Supplied data
++++++++++++++++++++

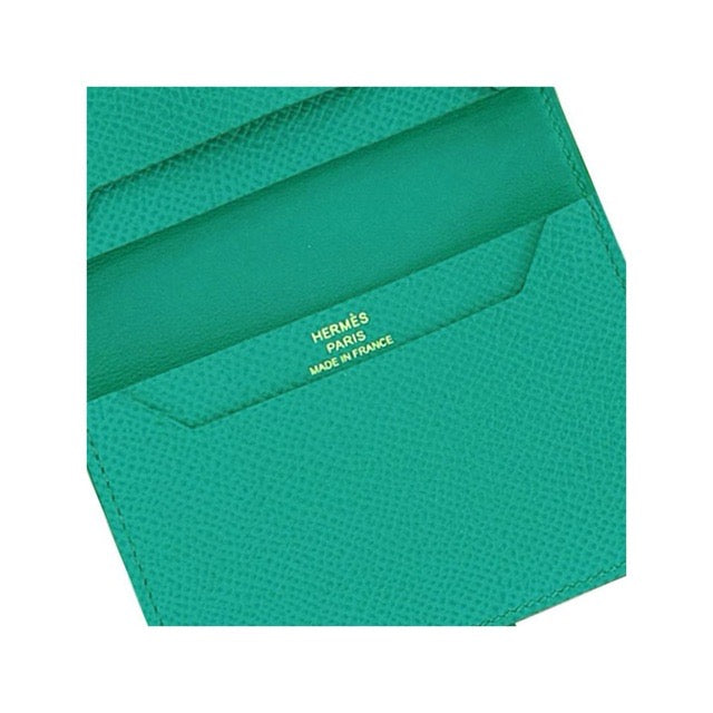 HERMES BEARN CARD HOLDER CARD CASE VERT JADE EPSOM GOLD HARDWARE
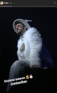 Müzikali izleyenler arasında Hadise de vardı. Ünlü şarkıcı Enis Arıkan’ı etiketlediği fotoğrafı “Sözümü tutarım” notu ile Instagram’da paylaştı…
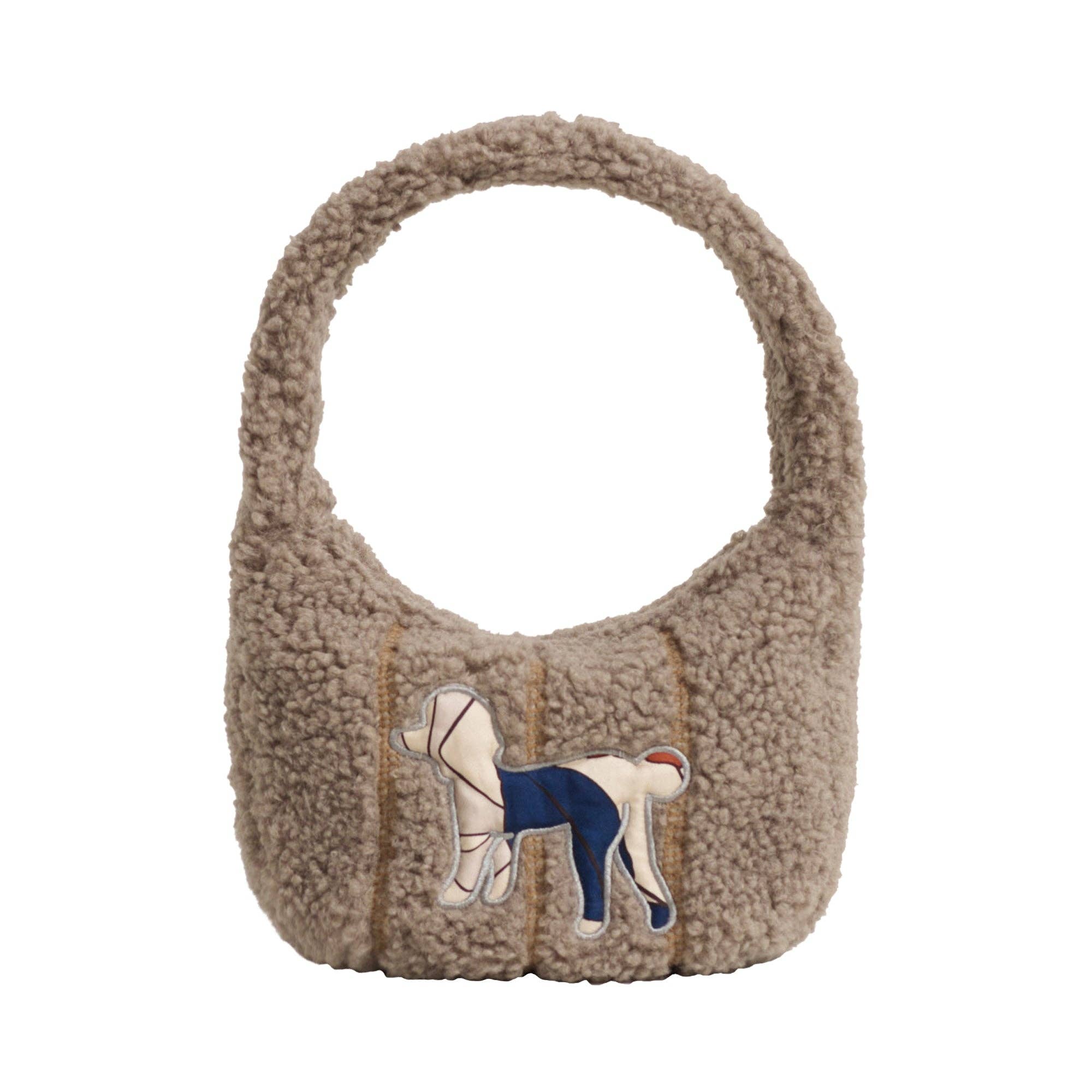 Made from dead stock fabrics, this faux shearling sherpa tote bag in white is an eco-friendly way to carry your stuff around in style. The Lost Pattern team uses only materials that were left over from other projects, so this bag has a story as rich as its look. The dog motif is embroidered with 100% silk fabric and it is unique on each bag. The inside lining is made of viscose printed with our in-house designs, which is like a little hidden piece of art. With our commitment to sustainability, we know you'll feel good about carrying this bag and even better about the environment! Measurements: 29cm x 28cm (11.4 in x 11 in) excluding top handles.
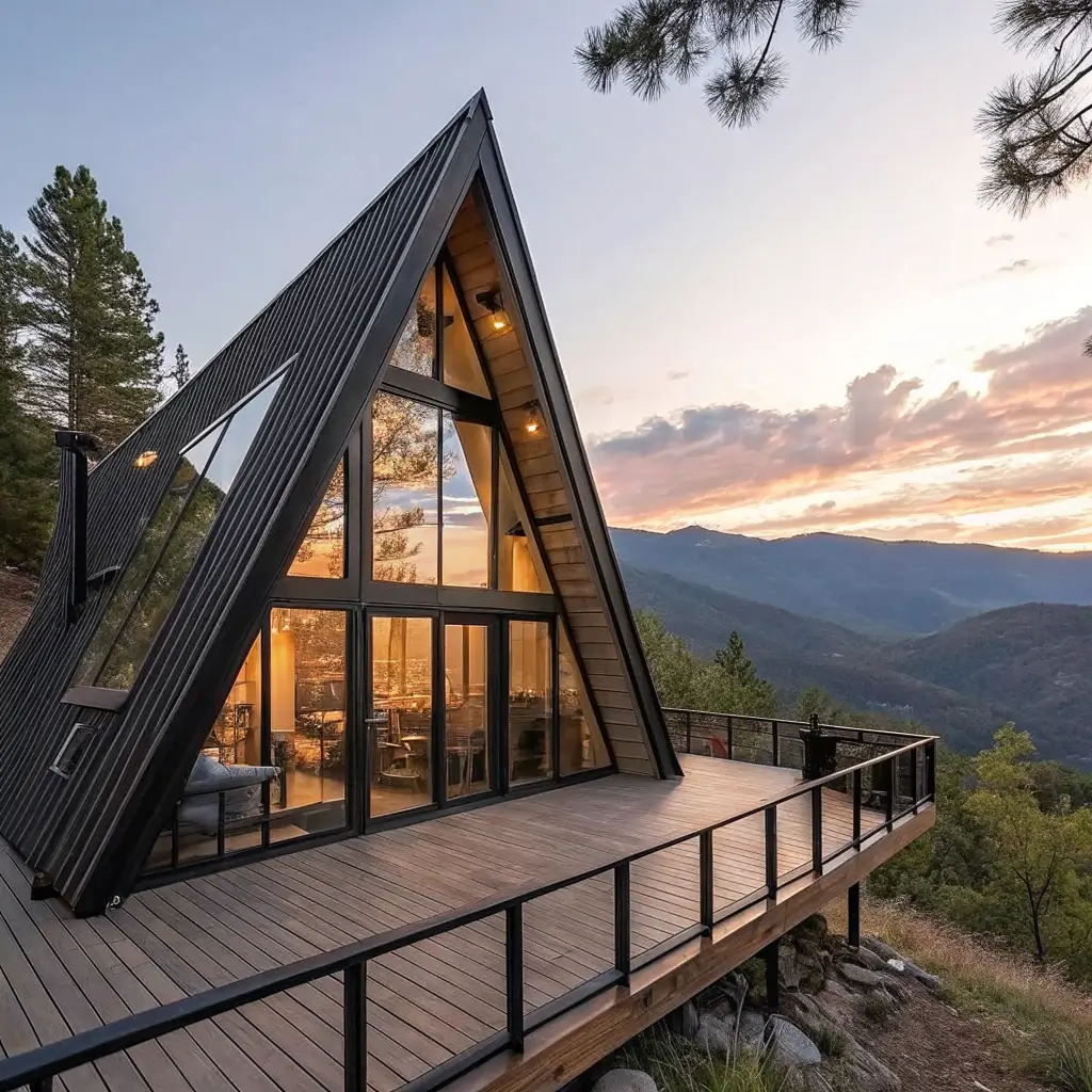 Now we’re entering champagne territory. Luxury A-frames take everything we love about the style and dial it up to eleven. Premium materials, high-end finishes, and architectural details that make your jaw drop – that’s what we’re talking about here.

++++++++++++++++++++

Instructions to follow
Would you set down each line of the listing above exactly, apart from the pictures?

Expected output
 HERMES BEARN CARD HOLDER CARD CASE VERT JADE EPSOM GOLD HARDWARE
 Müzikali izleyenler arasında Hadise de vardı. Ünlü şarkıcı Enis Arıkan’ı etiketlediği fotoğrafı “Sözümü tutarım” notu ile Instagram’da paylaştı…
 Made from dead stock fabrics, this faux shearling sherpa tote bag in white is an eco-friendly way to carry your stuff around in style. The Lost Pattern team uses only materials that were left over from other projects, so this bag has a story as rich as its look. The dog motif is embroidered with 100% silk fabric and it is unique on each bag. The inside lining is made of viscose printed with our in-house designs, which is like a little hidden piece of art. With our commitment to sustainability, we know you'll feel good about carrying this bag and even better about the environment! Measurements: 29cm x 28cm (11.4 in x 11 in) excluding top handles.
 Now we’re entering champagne territory. Luxury A-frames take everything we love about the style and dial it up to eleven. Premium materials, high-end finishes, and architectural details that make your jaw drop – that’s what we’re talking about here.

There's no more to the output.